Basic usage¶
[1]:
import gnt
import pandas as pd
Data¶
First, we load data from Najm et al. “Orthologous CRISPR–Cas9 enzymes for combinatorial genetic screens.” These data should be in the format: guide 1, guide 2, gene 1, gene 2, followed by different conditions that were screened.
[2]:
lfcs = pd.read_csv('https://raw.githubusercontent.com/PeterDeWeirdt/bigpapi/master/data/processed/bigpapi_lfcs.csv')
lfcs
[2]:
| U6 Sequence | H1 Sequence | U6 gene | H1 gene | Day 21_786O | Day 21_A375 | Day 21_A549 | Day 21_HT29 | Day 21_Meljuso | Day 21_OVCAR8 | |
|---|---|---|---|---|---|---|---|---|---|---|
| 0 | AAAGTGGAACTCAGGACATG | AAAAAAAGAGTCGAATGTTTT | HPRT intron | 6T | 0.421135 | 0.250043 | 0.725424 | 0.635972 | 0.127104 | 0.245427 |
| 1 | AAAGTGGAACTCAGGACATG | AAAGAGTCCACTCTGCACTTG | HPRT intron | UBC | 0.040784 | 0.125369 | 0.343278 | 0.524569 | -0.175984 | 0.371689 |
| 2 | AAAGTGGAACTCAGGACATG | AACAGCTCCGTGTACTGAGGC | HPRT intron | CD81 | 0.711486 | 0.857567 | 1.513217 | 0.970841 | 0.630948 | 0.675330 |
| 3 | AAAGTGGAACTCAGGACATG | AAGACGAAATTGAAGACGAAG | HPRT intron | CD81 | 0.451992 | 0.588394 | 1.283543 | 0.771713 | 0.409791 | 0.643640 |
| 4 | AAAGTGGAACTCAGGACATG | AAGCGTACTGCTCATCATCGT | HPRT intron | HSP90AA1 | 0.477678 | -0.652709 | 0.442170 | 0.021827 | 0.187209 | -0.120412 |
| ... | ... | ... | ... | ... | ... | ... | ... | ... | ... | ... |
| 9179 | TTCTGACTACAACATCCAGA | TTGCTTTCATTTAATGCTACA | UBB | PARP2 | -0.228266 | -0.371034 | -0.014272 | 0.570256 | -0.437522 | -0.717872 |
| 9180 | TTCTGACTACAACATCCAGA | TTGGGACGAGTCCTGTGAGAA | UBB | IMPDH1 | -0.178963 | -0.024237 | -0.323317 | 0.630812 | -0.421810 | 0.197531 |
| 9181 | TTCTGACTACAACATCCAGA | TTTAGGAATTGCTGTTGGGAC | UBB | HPRT intron | -0.266031 | -0.429865 | -0.145153 | 0.147415 | -0.454209 | -0.266580 |
| 9182 | TTCTGACTACAACATCCAGA | TTTCCATCACTTGGTTGAATA | UBB | BCL2A1 | -0.295739 | -0.221819 | -0.173578 | 0.231540 | -0.430689 | -0.377972 |
| 9183 | TTCTGACTACAACATCCAGA | TTTGCCTGTGAGGTGGCCGCC | UBB | CD81 | -0.001195 | 0.419874 | 0.815933 | 0.678013 | 0.211364 | -0.333385 |
9184 rows × 10 columns
Calculating residuals¶
From the log fold changes, we calculate residuals at the guide level.

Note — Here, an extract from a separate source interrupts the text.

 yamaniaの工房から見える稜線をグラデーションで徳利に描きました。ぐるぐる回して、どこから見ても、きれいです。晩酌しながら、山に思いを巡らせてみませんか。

We reason that interactors for a given “anchor” guide deviates from the expected range of LFCs of its “target” pairs. We fit a linear model between the median LFC of targets paired with controls and the average LFC of constructs with both an anchor and target guide. Negative residuals from this line indicate a synthetic lethal relationship, whereas positive residuals represent a buffering interaction.
[3]:
guide_residuals, model_info = gnt.get_guide_residuals(lfcs, ['CD81', 'HPRT intron'])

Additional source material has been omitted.